The MCP Tool Surface

The deployed Cloudflare Worker MCP server exposes five tools over Streamable HTTP:

backup_session – Receives a Claude Cowork project session transcript as JSONL plus a project name and session ID. Deduplicates by content hash. Writes raw JSONL to Cloudflare R2, indexed text to Cloudflare R2, upserts metadata to Cloudflare D1, triggers Cloudflare AI Search sync.

search_sessions – Takes a natural-language query.

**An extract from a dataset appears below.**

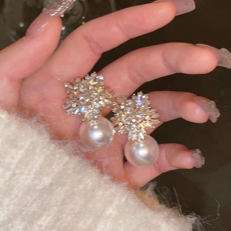 절묘한 풀 다이아몬드 눈송이 진주 귀걸이 틈새 디자인 고급 귀 스터드 여성 가벼운 럭셔리 복고풍 인터넷 연예인 우아한 귀걸이스토어 가기

Calls search() on Cloudflare AI Search (not aiSearch() – the ranked-chunk retrieval path, not the LLM-synthesis path). Groups chunk results back into session-level hits. Cheaper and faster than synthesis for this use case.

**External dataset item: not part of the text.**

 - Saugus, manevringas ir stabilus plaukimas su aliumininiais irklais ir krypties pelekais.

list_projects – Queries Cloudflare D1 for all project slugs and their session counts. Fast because it hits the metadata index, not Cloudflare R2.

list_sessions – Lists Claude Cowork project sessions within a project with timestamps, word counts, and sync status. Also from Cloudflare D1.

get_session – Reads raw JSONL from Cloudflare R2 and paginates by line count. Claude Code warns on MCP outputs over 10K tokens, so this tool accepts max_lines and offset params.

Read tools carry readOnlyHint: true and backup_session carries idempotentHint: true. Low-effort annotations that let MCP clients auto-approve safe calls.

The Cross-Model Review That Improved the Plan

Before handing off to Codex, I sent the entire plan to GPT-5.4 via the Codex MCP bridge for an independent review. This was a deliberate cross-model peer review – a pattern I first described in an earlier post on dual-AI consultation and used again when building the MCP bridge itself. Here it caught several real gaps:

Cloudflare AI Search sync latency. The plan assumed near-real-time indexing. The actual default is a 6-hour cycle. Cloudflare’s manual sync API exists and works, but has a 30-second cooldown between calls. The Cloudflare Worker now treats sync_in_cooldown responses as pending status rather than error, and retries on the next backup.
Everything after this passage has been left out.